To see the full dependency chain:
Runtime RAM
sudo QT_QPA_PLATFORM=eglfs ./build/qt_dashboard &
sleep 3
smem -k -P qt_dashboard
# Or:
ps aux | grep qt_dashboard
Expected: ~35-50 MB RSS (Qt Quick scene graph, QML engine, OpenGL ES context).
Startup Time
time sudo QT_QPA_PLATFORM=eglfs ./build/qt_dashboard &
# Wait for the dashboard to appear, then kill
Expected: ~2-3 seconds to first frame (QML engine initialization, shader compilation on first run).
Checkpoint
Record your measurements in this table:
| Metric | Value |
|---|---|
| Binary size | |
| Runtime RAM (RSS) | |
| Startup time | |
| Shared libraries (count) |
7. Head-to-Head Comparison
Fill in this table using your measurements from SDL2 Dashboard § 6 and Section 6 above:
| Metric | SDL2 Dashboard | Qt Dashboard | Winner |
|---|---|---|---|
| Binary size | ~50 KB | ~80 KB (+ Qt libs) | |
| Runtime RAM | ~5-8 MB | ~35-50 MB | |
| Startup time | < 0.5 s | ~2-3 s | |
| Lines of code | ~280 (C) | ~40 (C++) + ~120 (QML) | |
| GPU required | No (software fallback) | Yes (EGLFS needs EGL) | |
| Adding a new gauge | ~40 lines C | ~20 lines QML | |
| Touch/input handling | Manual SDL events | Built-in MouseArea | |
| Text rendering | External lib (SDL2_ttf) | Built-in (Text element) |
Tip
There is no universal "winner" — the right choice depends on your project constraints:
- RAM-constrained, simple UI → SDL2 (industrial sensor display, boot splash)
- Complex UI, rapid iteration → Qt (vehicle dashboard, medical monitor, kiosk)
- No GPU → SDL2 (can use software renderer)

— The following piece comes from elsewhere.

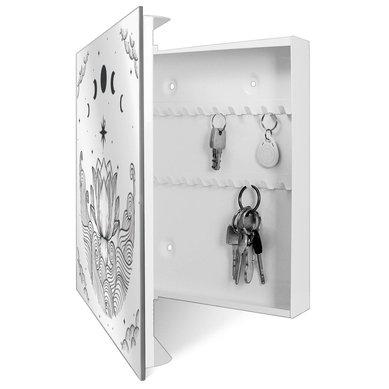 Bringe Ordnung und Stil in deinen Eingangsbereich mit dem banjado Schlüsselkasten mit Spiegel. Die elegante Spiegelfront kombiniert Funktionalität mit modernem Design und macht die Schlüsselaufbewahrung zu einem dekorativen Highlight. ✅ Spiegel Schlüsselaufbewahrung mit Motiv Motiv Lotus und Mondphasen 2 Der Design-Schlüsselkasten Motiv Motiv Lotus und Mondphasen 2 bietet Platz für bis zu 50 Schlüssel, die auf 5 stabilen Reihen mit je 10 Haken übersichtlich verstaut werden. Mit seinen kompakten Maßen von 30 x 30 x 5 cm passt die Schlüsselbox perfekt auch in kleinere Räume. Der weiß lackierte Stahlkorpus mit rechts angeschlagenem Türscharnier harmoniert mit der Spiegelfront und fügt sich nahtlos in jedes Wohnambiente ein. Ob als Schlüsselorganizer für Zuhause oder als praktische Lösung für Büros, Praxen und Gewerbe, der banjado Schlüsselkasten sorgt für Ordnung und Übersicht. Die Spiegelfront verleiht dem Eingangsbereich zusätzliche Funktionalität und lässt Räume optisch größer wirken. Die Schlüsselbox Motiv Motiv Lotus und Mondphasen 2 zur Wandmontage wird inklusive Befestigungsmaterial geliefert und ist schnell angebracht. So hast du deine Schlüssel jederzeit griffbereit und zugleich stilvoll verstaut. Mit diesem banjado Schlüsselkasten Motiv Motiv Lotus und Mondphasen 2 kombinierst du praktische Aufbewahrung mit stilvollem Wohndesign. Ob privat oder geschäftlich, die Schlüsselbox sorgt für mehr Ordnung, Übersicht und ein wohnliches Ambiente.Vorteile im Überblick

- Touch interface → Qt (built-in gesture recognition, animations)
Checkpoint
Your comparison table is filled in with real measurements from your Pi. You can articulate when to choose each toolkit.
What Just Happened?
You built the same dashboard with two fundamentally different approaches:
SDL2 gives you a thin rendering layer. You write C code that explicitly draws every pixel, every frame. The result is tiny (5 MB RAM) and fast to start (< 0.5 s), but every new feature means more manual drawing code.
Qt + EGLFS gives you a complete UI framework. You declare the layout in QML, bind values to C++ data sources, and the scene graph handles rendering. The result uses more RAM (~40 MB) and takes longer to start (~2 s), but new features are just a few lines of QML.
Both render through the same kernel subsystem (DRM/KMS) and produce the same visual output. The difference is in development model and runtime cost — exactly the trade-off described in Theory 3.
Challenges
Challenge 1: Touch Navigation
Add touch input to the Qt dashboard: tapping a gauge panel should expand it to full width (hiding the other two panels). Implement this using QML MouseArea, states, and transitions. This demonstrates Qt's built-in animation system — something that would require significant manual code in SDL2.
Challenge 2: Animated Transitions
Add a fade transition when switching between gauge views. Use QML Behavior on opacity with a NumberAnimation. Measure whether the animation affects frame timing or CPU usage.
Deliverable
- [ ] Running Qt dashboard on EGLFS with all three panels
- [ ] Measurement table completed (binary size, RAM, startup time)
- [ ] Head-to-head comparison table filled in with real values
- [ ] Written answer: "For a battery-powered industrial sensor with 64 MB RAM, which toolkit would you choose and why?"